Tell us about your joystick, write a little review. Post a picture of your joystick (doesn't have to be your exact one, but an image of the same model) Tell us the pro's and con's of your stick, and tell us how well it works with your game, how much does it cost? And give it a score out of 10.

I'll write one about mine to give you an idea:

*Laptop touchpad*

Useless if you plan on getting precision for anything

1/10 (AKA terrible)

*Logitech Attack 3*










I've had this stick for a few months now. YSFlight (my favorite flight simulator) has had no trouble reading or running it. Throttle is very easy to control and it is quite a comfortable stick. It has 11 programmable buttons and a slider on the back which you can roll and control throttle. But after a few months now the x-axis keeps going out of line and it's really annoying.
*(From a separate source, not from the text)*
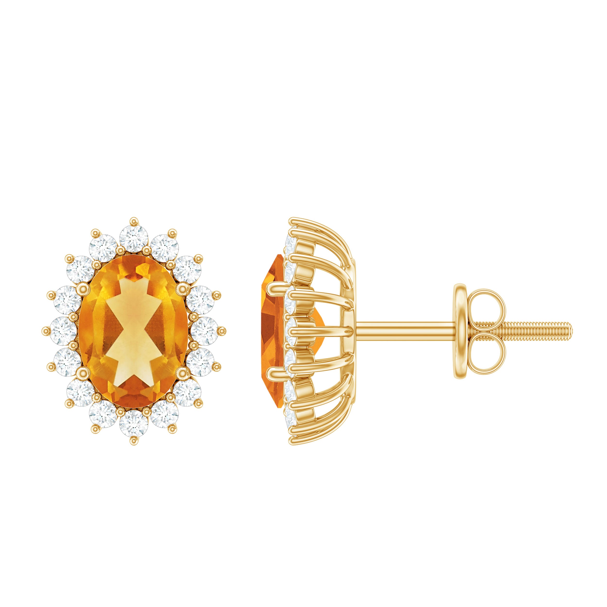 Bring lots of compliments with these dazzling Citrine Stud Earrings, beautifully framed by a dazzling Moissanite Halo. The rich golden hue of the 6X8 mm Oval Shape Citrine is perfectly complemented by the sparkle of Moissanite stones, creating a striking contrast that catches the light from every angle. Whether you are heading to a special event or adding a touch of luxury to your everyday look, these Halo Stud Earrings are sure to turn heads and add a radiant pop of color to any outfit. Designed for both style and comfort, the secure Screw Back Closure ensures a snug and worry-free fit, allowing you to wear them with confidence all day long. The Oval Shape of AAA Quality Citrine offers a timeless elegance, while the D-VS1 Moissanite Halo adds a modern twist, making these Citrine Ear Studs a versatile accessory that works with everything from evening wear to casual attire. Presented in a signature jewelry box, these November Birthstone Earrings are ready to gift for any occasion, be it a birthday, anniversary or just a thoughtful surprise.

Also, here is my buttons setup in YSF:

1: Fire selected weapon
2: Smoke
3: Drop flare
4: Select weapon
5: Auto trim
6: Extend/retract spoiler
7: Landing gear
8: Afterburner
9: Brake on/off
10: Nozzle down
11: Nozzle up

8/10


----------



## Skivvywaver (Mar 18, 2001)

http://www.microsoft.com/hardware/en-us/p/xbox-360-controller-for-windows#details

I have had it for years. No complaints. It has stayed true and plays everything. About $40. I'd buy another one if this one carked it


----------



## Darkfire77 (Apr 14, 2011)

Sorry for doing this but I don't seem to be able to find my beloved edit button.

My upcoming joystick =










The Saitek Cyborg Evo Force. Read the review here as mine is still awaiting delivery: http://www.trustedreviews.com/Saitek-Cyborg-evo-Force-Joystick_Peripheral_review


----------



## Darkfire77 (Apr 14, 2011)

(BRING THE EDIT BUTTON BACK!) Well, looks like I was wrong. I lost the bid for my Evo Force. I got something else instead.

*Logitech Extreme 3D Pro*










Read the review here as mine is still awaiting delivery: http://reviews.cnet.com/game-accessories/logitech-extreme-3d-pro/4505-10110_7-30600508.html


----------



## Compiler (Oct 11, 2006)

Joysticks (and gaming) on the PC is sad. But for flight sims, a real joystick is needed. There is nothing on the market today really worth buying IMHO... Reading the reviews, many break (Saitek) or flat out die after a few months of usage.

I still have, perhaps one of the best joysticks ever made for the PC:










This is a 2001 era, Microsoft Sidewinder 2 Precision joystick. Its tough. The buttons are solid (won't break), it has joystick twists... The grip is the most comfortable out there.

The only problems: A- it is a bit too sensitive in some games, especially if a game DOESN'T have sensitivity control! And drivers. It does work with Windows 7... but with XP, its hit or miss and you may need to track down the drivers since MS no longer supports it.
See one used on ebay, whatever and its in good condition, get it. They usually sell for $30~50. Amazing, it kept its value... while a 2002 $500 GeForce 5800 is worthless.


----------



## Skivvywaver (Mar 18, 2001)

I had two of that exact joystick. They were bought at the same time. 1 eventually died and the other I tossed out when I sold my house. I liked them but I no longer play anything that needs that type of stick.


----------